Key words: Sexual selection, mate choice, size preference, fecundity, Littorina fabalis, Littorina obtusata, intraspecific mating, interspecific mating, reproductive barrier, trail- following, copulation time, mounting time

Introduction

Sexual selection and mate choice are of central importance in the evolution of mate

recognition systems as well as in the evolution of species (Ratcliffe & Grant 1983; Wiernasz

& Kingsolver 1992; Andersson 1994; Owens et al. 1999; van Doorn et al. 2009). The traditional view of mate choice is that females choose which male to mate with and males mate at every possible occasion. However, indiscriminate mating of the males should occur only if the benefit of indiscriminate mating is greater than the costs of mating and both male and female tend to be choosier about their mates in proportion to how much time and energy they invest in mating (Ridley 1983). In many different taxa males prefer to mate a large female rather than a small one. This is explained by the generally higher fecundity of large females (Parker 1970; Ridley 1983; Crespi 1989). Earlier studies have shown that in the marine snail Littorina there is sexual selection favouring large female size (L. littorea, Saur 1990; Erlandsson & Johannesson 1994; L. fabalis, Rolán-Alvarez et al. 1995b) and this is likely a consequence of a positive correlation between fecundity and female size (L. littorea, Hughes & Answer 1982; L. saxatilis, Janson 1985).

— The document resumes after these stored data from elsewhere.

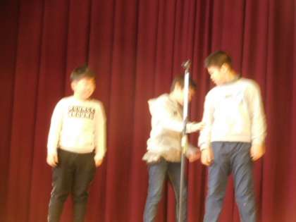 チャレンジフェスタでお笑いクラブの発表があり,クラスの友だちの活躍を見に行きました。
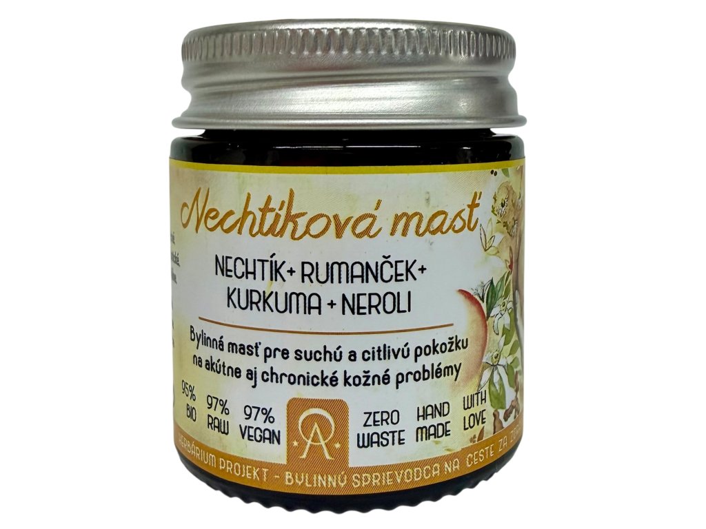 Nechtíkova masť obsahuje extrakt z kvetov nechtíka, rumančeka, koreňa kurkumy, kvetov pomaranča a slamihy. Pôsobí protizápalovo a ukľudňujúco. Urýchľuje liečenie poranení kože, záderov okolo nechtov, ekzémov, psoriázy, akné, pomáha pri zápaloch žíl, kŕčových žilách,preležaninách a zapareninách.
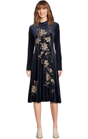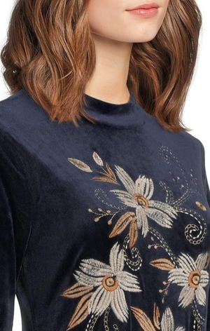 Slip into effortless elegance with this Johnny Was velour mock neck dress in midnight blue. Adorned with delicate floral embroidery that catches the light beautifully, it's the perfect piece for adding a touch of bohemian charm to your everyday wardrobe. The soft, luxurious velour fabric drapes gracefully while the intricate embroidered details elevate any occasion—from casual outings to special evenings. A timeless investment that feels as good as it looks.

Littorina fabalis and Littorina obtusata are sister-species with a large overlap in their geographic distributions, as well as a partial overlap in the microgeographic distribution on the shore; L. obtusata typically prefers either upper parts or more wave-protected parts of the shore while L. fabalis dwells in the low intertidal and in both wave-protected and more wave- exposed areas. Truly sympatric distributions are found in wave-protected parts of shore and in mid-intertidal levels (Reid 1996). The two species have also overlapping breeding seasons, which stretches from spring to autumn. It can be difficult to tell the two species apart since their colour can be similar and they have overlapping size ranges and shell morphologies, although L. obtusata are generally larger than L. fabalis and the latter has a more flat apex.

The species are best discriminated from the morphology of the genital characters (Reid 1996), and in addition there are several diagnostic allozyme loci (Zaslavskaya et al. 1992;

Tatarenkov 1995; Rolán-Alvarez et al. 1995a). According to genetic data the species do not currently hybridise, although they share most of the common mitochondrial haplotypes, suggesting either that hybridization has taken place after their first separation, or that the two species still share ancestral mtDNA haplotypes (incomplete lineage sorting) (Kemppainen et al. 2009). As hybrids between the sister-species never have been encountered, it is likely that there are one or several isolating mechanisms between the two species that prevent

hybridisation. To depict reproductive barriers between sister-species is fundamental to understand how reproductive isolation can evolve between closely related species.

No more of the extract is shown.